During a browse operation, if it is known that the media is not in the library, use the 'List Media' button to determine which media is required for the browse operation.
Self-Maintaining Indexing Structure
The index directory is self-maintaining based on two configurable parameters, 'Index Retention Time in Days' and 'Index Cleanup Percent'. Index files are kept in the index directory for a default of 15 days or until the directory disk reaches 90% disk capacity. A smaller index directory location may result in index files being pruned before the 15 day time period expires if the cleanup percentage is reached first. Index files are pruned from the index based on least recently accessed.
It is important to note that the 'Time in Days' and 'Index Cleanup Percent' settings use OR logic to determine how long indexes will be maintained in the index directory. If either one of these criteria are met, index files are pruned from the directory.
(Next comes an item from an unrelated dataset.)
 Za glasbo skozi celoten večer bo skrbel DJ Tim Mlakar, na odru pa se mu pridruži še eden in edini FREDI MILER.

When files are pruned from the index, they are deleted based on access time; deleting the least frequently accessed files first. This means that older index files that have been more recently accessed may be kept in the directory while newer index files that have not been accessed are deleted.
Indexing Service
The Indexing Service process on the MediaAgent is responsible for cleaning up the index directory location. This service runs every 24 hours. Any indexes older than 15 days are pruned from the index directory. If the directory location is above the 90% space threshold, additional index files are pruned.
V1 index cleanup process
V2 Indexing
Commvault® version 11 introduces the next generation indexing called indexing V2. It provides improved performance and resiliency while shrinking the size of index files in the index directory and in storage.
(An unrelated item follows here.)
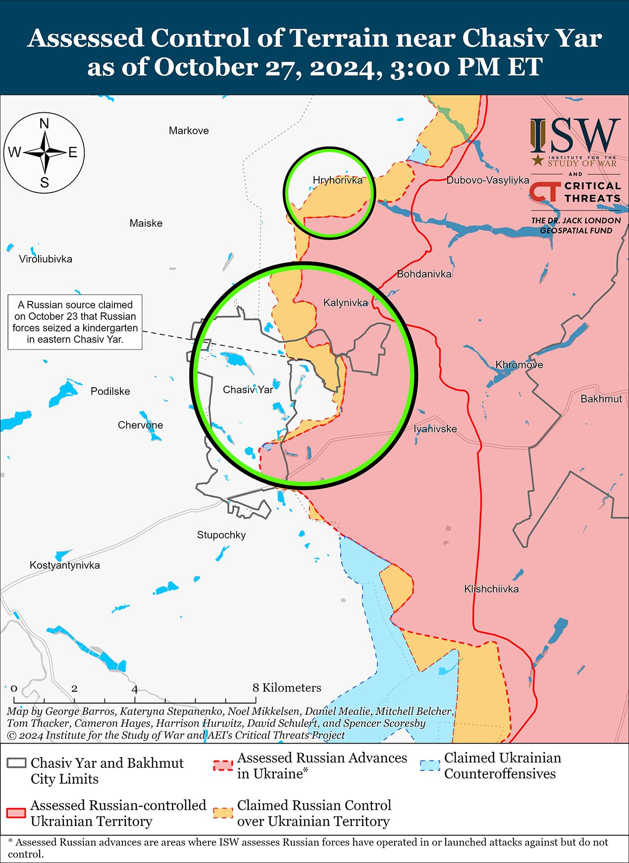 В Генштабе сообщили, что 27 октября российские войска провели безуспешное наземное наступление в районе Орехово-Васильевки (северо-восточнее Часова Яра). [22] Сообщается, что подразделения 98-й воздушно-десантной дивизии (ВДВ) действуют в районе Часова Яра. [23]

V2 indexing works by using a persistent index database maintained at the backup set level. During subclient data protection jobs, log files are generated with all protected objects and placed into the index database.
V2 indexing high level overview
Index Process for Data Protection Jobs
Indexing data is located on a persistent index database. One index database maintains records for all objects within a backup set, so all subclients within the same backup set writes to the same index database. The database is created and maintained on the MediaAgent once the initial protection job of a subclient within a backup set completes. Index databases are located in the index directory location on the MediaAgent.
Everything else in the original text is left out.